Без внезапно появившегося наездника им никогда бы не отогнать животных. Это был молодой человек, лицо которого выражало сосредоточенность, он проскакал мимо нас, не поздоровавшись, и, покружив вокруг животных, сбил их в кучу, но только для того, чтобы связать всех лошадей. Затем, шагом спустившись к Холле, он двинулся вдоль речушки к следующему вспомогательному мосту, животные брели за ним, подгоняемые криками и угрозами. Еще в полдень до нас долетали крики погонщиков, мы видели, как они носились по полям, чтобы изловить особенно норовистых лошадей, и я радовался каждый раз, когда такая попытка не удавалась. А когда они все-таки справились с животными, то пошли к мосту Лаурицена, выловили балки и доски из реки и отремонтировали мост. Как же долго стояли они там и смотрели в нашу сторону! Видимо, что-то взвешивали и обдумывали что-то, но к единому мнению не пришли.
Шеф, который все понимал, только улыбнулся и сказал:
— Сдается мне, Бруно, что наша ограда отныне будет нерушима.

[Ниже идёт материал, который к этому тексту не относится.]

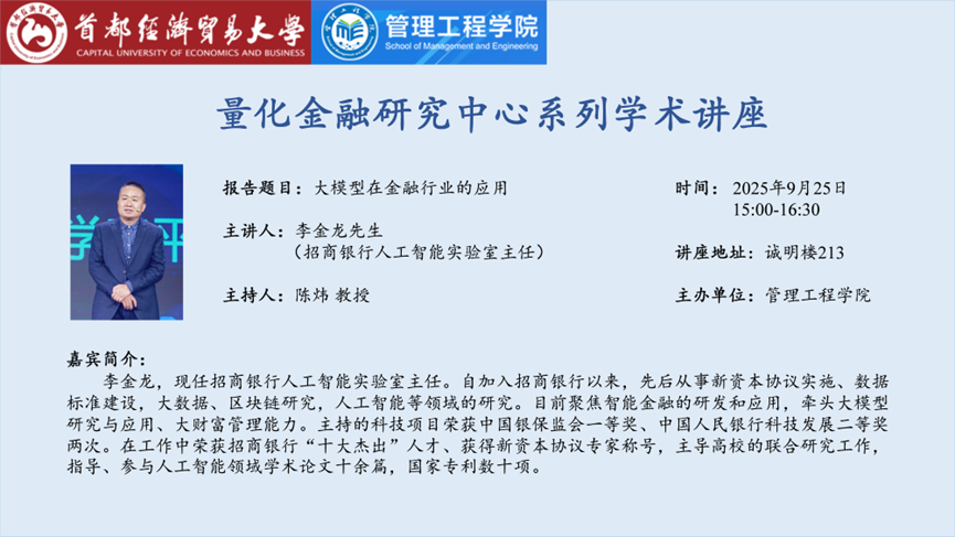 9月25日下午,招商银行人工智能实验室主任李金龙先生应邀在诚明楼213会议室为师生带来了题为“大模型在金融行业的应用”的讲座。本次讲座由首都经济贸易大学管理工程学院量化金融研究中心主办,吸引了中心多位教师及硕博研究生的积极参与。
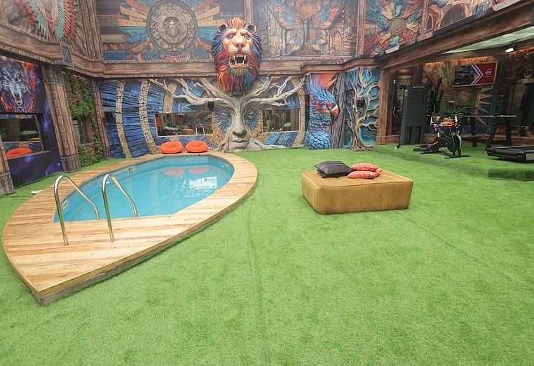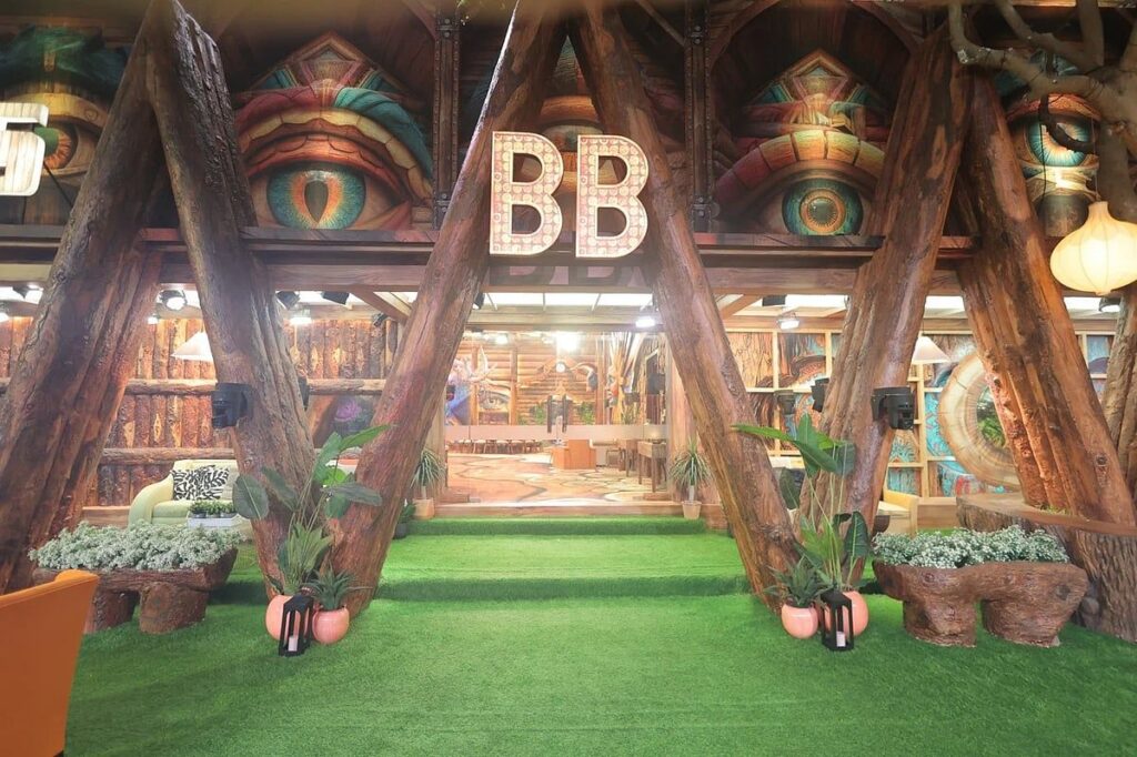 Bigg Boss’un oturma odasındaki giriş, gösterinin katılımcı yarışmacıları için doğal bir manzara özü veren W şeklinde ahşap bir sütun ile işaretlenmiştir.
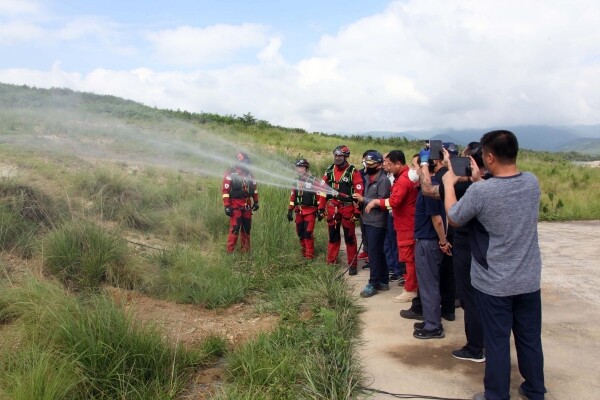 이번 시연회는 송전선로 훈증더미, 짙은 연무와 같이 산불진화헬기 운용이 어렵고 고지대, 암석지, 임도취약지와 같이 지상인력의 접근이 어려운 상황을 대비하기 위해 실시했다.

Больше он ничего не сказал, и меня ничуть не удивило, что он оказался прав.
Макс не забыл меня, я ничуть не сомневаюсь, что он высматривает меня, стоя на террасе, теперь, после того как со всеми поздоровался и высказал им свое мнение. Может, хочет пригласить меня пройтись с ним до Судной липы или к могильному кургану, чтобы рассказать мне последние новости из крепости, а может, хочет только объяснить, почему был каким-то не таким, как обычно при нашей встрече, он, который обычно ко мне хорошо относился и всегда был снисходительным. А что он идет к Главной дороге и дальше, к теплице, только одно может означать: он полагает, что я дома, стало быть, мне надо бежать туда, чтобы он не стучал ко мне напрасно, чтоб напрасно не стучал, и не ждал, и не ушел. Возможно, я нужен ему как слушатель, так уже часто бывало. Ножи и ножницы я уберу позже; когда Иоахим пойдет в свой вечерний контрольный обход, все будет уже разложено по местам.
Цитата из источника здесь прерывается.